This morning I received an unexpected gift.
It’s from one of my life-long friends, Amy.
Amy (or Amelina, to me) and I will always have a special connection – not only have we known each other since kindergarten, but we were also hit by a car together in second grade. There is nothing like bonding over broken bones and body casts.
The accident happened back in the 70’s, when parents didn’t hover and kids had a little more time to explore different options. We explored the option, “Does it really make sense to cross at the light ALL the way at the end of the street when your house is actually in the middle of the block in the opposite direction?” The answer: Yes, yes it does. (And my kids and their friends get a daily street safety lecture from me, even though we’re the last house on a dead end street!)
That impulsive decision greatly impacted our young lives and we both wear the scars of the accident to this day. She has a permanent bump on her forehead and I still have the indentation in my leg, which has actually lessened with age and weight loss and gains (who says there aren’t benefits to cellulite!).
While Amy and I can joke about it now, it really was no laughing matter. Amy still remembers the whole terrible incident; I was knocked unconscious. I have always believed I was the lucky one for that.
When I was hit, I flew up into the air and then slid under a parked car. Neighborhood legend has it that a bunch of neighbors came out and literally lifted the car up, so that the paramedics could get me out. I have no recollection of it and my parents told me that when I woke up in the hospital, the first words out of my mouth were, “I’m bored.” I only remember being upset when I learned that they had to cut off my brand new jeans from Winsbergs to get to my leg and that I wouldn’t be wearing any jeans until I was out of traction and the cast – about three months.
After about six weeks in the hospital, I returned home. I had a full body cast and a sweet bedroom in the dining room, complete with t.v.
We also had a new dog named, Rover.
Just as we never mastered “JAAHCKK”, we never quite remembered “Rover”, so our newest addition became known in our Sesame Street-obsessed family as…
GROVER! Grover was a friendly, low-key stray dog and there are a couple of pictures of me leaning on him when I somehow figured out how to stand in the body cast. Because he was more of a wanderer than a family dog, Grover walked right out of our back yard just a couple of short months after we found him. He probably knew that we were settling in and was just looking for another kid who needed someone to lean on…
And speaking of leaning…back to my friend, Amy, and all of my life-long and new-found friends, who I have been leaning on especially over the past few years…

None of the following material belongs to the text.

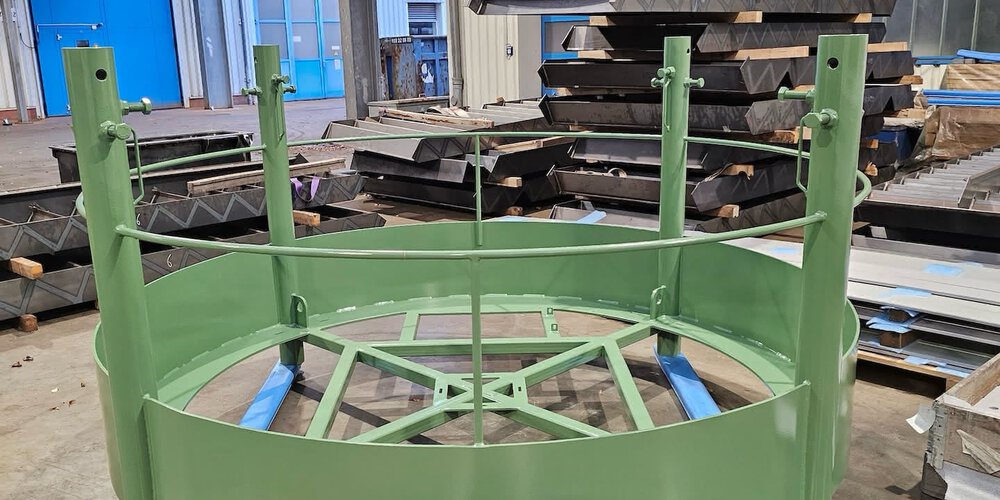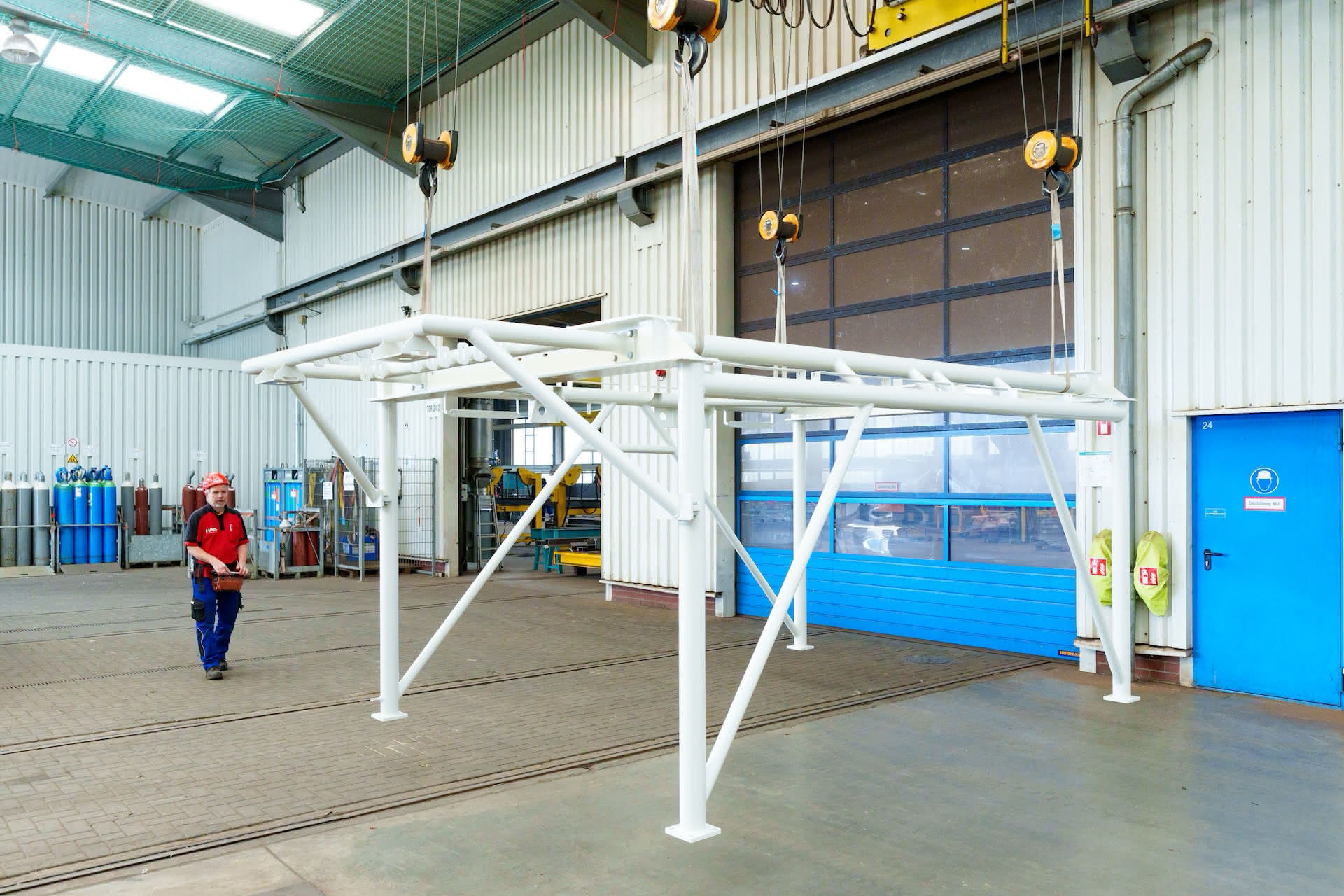 Nach Zeichnungen von Liebherr beschaffen wir das Material, kaufen den Rohrzuschnitt ein und schweißen die Einzelteile zusammen. Die Herausforderung besteht darin, dass es sich nicht um gerade Flächen handelt. Der Schweißbrenner muss in verschiedenen Positionen geführt werden, was unsere Experten mit Erfahrung, Können und einer Extraportion Leidenschaft meistern. Anschließend beschichten wir die Konstruktionen. Für Wiederholungsgenauigkeit und Effizienz haben wir eigens für diesen Auftrag eine Produktionsvorrichtung konstruiert.
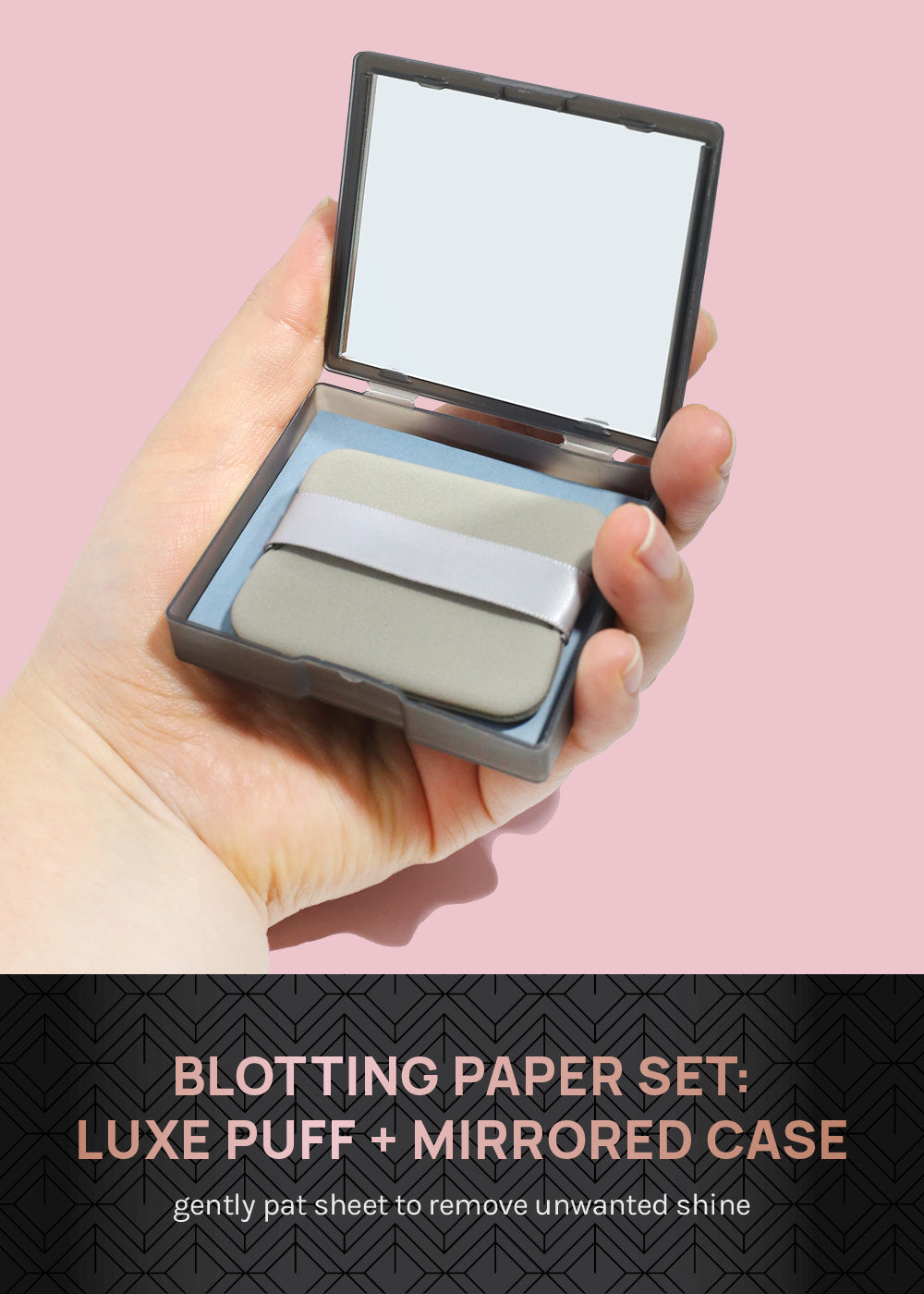 Includes: 100 sheets, puff applicator, + mirrored compact

With everything that’s been going on, I’ve been flooded with so many memories, but I also keep thinking about the story/poem, “Footprints in the Sand”. My favorite line is, “…The times when you have seen only one set of footprints, is when I carried you.”
I was about 13 years old the first time I heard that story and remember feeling profoundly moved and hopeful that God would have my back during difficult times. I still believe that, but in my life the story looks more like this…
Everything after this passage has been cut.